Work instruction
With the images removed, transcribe the listing that follows exactly.

Data shown

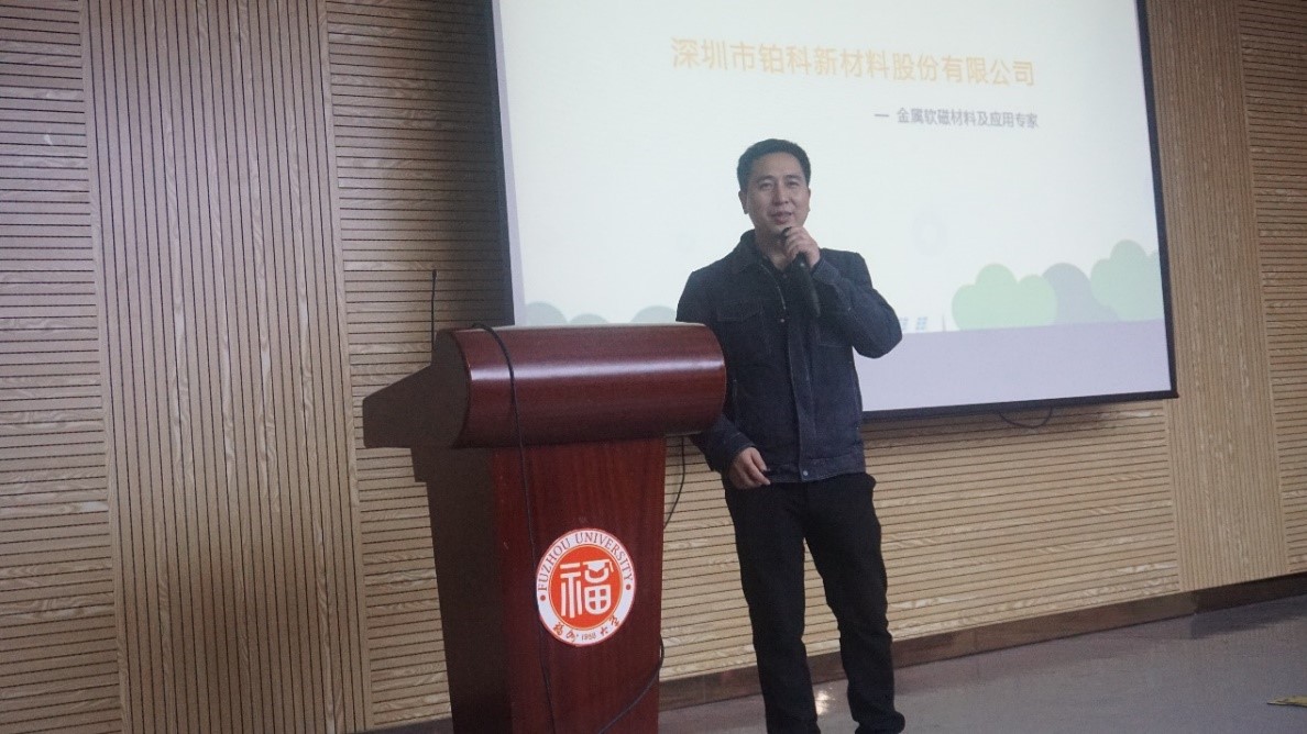 最后,铂科公司罗涛总经理为同学们做了公司介绍和技术报告。从2009年公司成立,到2019年于深交所上市,铂科公司通过自主创新,完全掌握了铁硅、铁硅铝等从粉末研发、制造、绝缘,到成型的整个金属磁粉芯全制程体系及核心技术。基于对金属软磁材料特性的深度研究,通过与光伏逆变器、新能源汽车及充电桩、变频空调、不间断电源、信息通讯等电力电子行业知名企业的深度应用合作,已完美架构从金属磁粉芯生产、销售到磁元件设计的一站式金属磁粉芯服务平台。罗总经理依托于自身的深厚理论知识和广阔的行业视野,为同学们展示了前沿发展的大趋势,丰富了同学们的专业知识和学科素养。
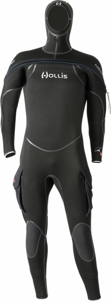 Nový oblek Hollis Neotek poskytuje výborný tepelný komfort zejména díky kombinaci neoprenů různých tlouštěk 8/7/6mm ve spojení s přiléhavou integrovanou kuklou. U obleku Neotek byl použit neopren odolný proti kompresi a doplněn o vnitřní vrstvu ThermaSkin, která zvyšuje výhřevnost obleku. Různá tloušťka panelů byla použita s ohledem na perfektní zateplení konkrétních částí těla a zároveň výtečnou pohyblivost v obleku. Neotek je vybaven netradičním, ale důmyslným předním horizontálním zipem G-Lock pro snadné oblékání bez cizí pomoci. Zip je pohodlný, vyrobený z moderních plastů, opatřený kovovým jezdcem a táhlem pro snadnou manipulaci. Speciální vnitřní neoprenový límec výrazně eliminuje vniknutí vody. Zápěstí a kotníky jsou utěsněny funkčními skrytými manžetami, které znáte u vyšších řad obleků BARE, např. Velocity. Rukávy a nohavice jsou navíc ukončeny měkkými manžetami. Velmi pevná konstrukce švů je tvořena prošitím elastickou nití, dvojitým lepením a navíc ještě použitím technologie tekutého švu liquid seam.
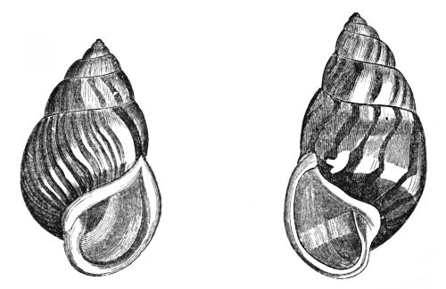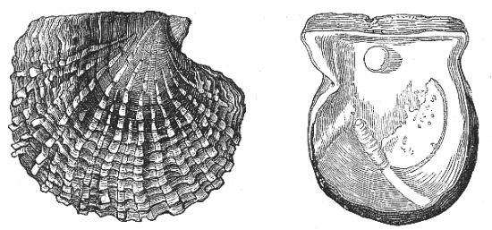 [9] We give this illustration as representing the comparative size of the oysters at different ages; but it is necessary to state that the specimens were artificially attached to the block by means of glue for exhibition. Oysters always attach themselves by the back of the rounded shell near to the hinge, as stated at p. 363.

Solved exercise
 最后,铂科公司罗涛总经理为同学们做了公司介绍和技术报告。从2009年公司成立,到2019年于深交所上市,铂科公司通过自主创新,完全掌握了铁硅、铁硅铝等从粉末研发、制造、绝缘,到成型的整个金属磁粉芯全制程体系及核心技术。基于对金属软磁材料特性的深度研究,通过与光伏逆变器、新能源汽车及充电桩、变频空调、不间断电源、信息通讯等电力电子行业知名企业的深度应用合作,已完美架构从金属磁粉芯生产、销售到磁元件设计的一站式金属磁粉芯服务平台。罗总经理依托于自身的深厚理论知识和广阔的行业视野,为同学们展示了前沿发展的大趋势,丰富了同学们的专业知识和学科素养。
 Nový oblek Hollis Neotek poskytuje výborný tepelný komfort zejména díky kombinaci neoprenů různých tlouštěk 8/7/6mm ve spojení s přiléhavou integrovanou kuklou. U obleku Neotek byl použit neopren odolný proti kompresi a doplněn o vnitřní vrstvu ThermaSkin, která zvyšuje výhřevnost obleku. Různá tloušťka panelů byla použita s ohledem na perfektní zateplení konkrétních částí těla a zároveň výtečnou pohyblivost v obleku. Neotek je vybaven netradičním, ale důmyslným předním horizontálním zipem G-Lock pro snadné oblékání bez cizí pomoci. Zip je pohodlný, vyrobený z moderních plastů, opatřený kovovým jezdcem a táhlem pro snadnou manipulaci. Speciální vnitřní neoprenový límec výrazně eliminuje vniknutí vody. Zápěstí a kotníky jsou utěsněny funkčními skrytými manžetami, které znáte u vyšších řad obleků BARE, např. Velocity. Rukávy a nohavice jsou navíc ukončeny měkkými manžetami. Velmi pevná konstrukce švů je tvořena prošitím elastickou nití, dvojitým lepením a navíc ještě použitím technologie tekutého švu liquid seam.
 [9] We give this illustration as representing the comparative size of the oysters at different ages; but it is necessary to state that the specimens were artificially attached to the block by means of glue for exhibition. Oysters always attach themselves by the back of the rounded shell near to the hinge, as stated at p. 363.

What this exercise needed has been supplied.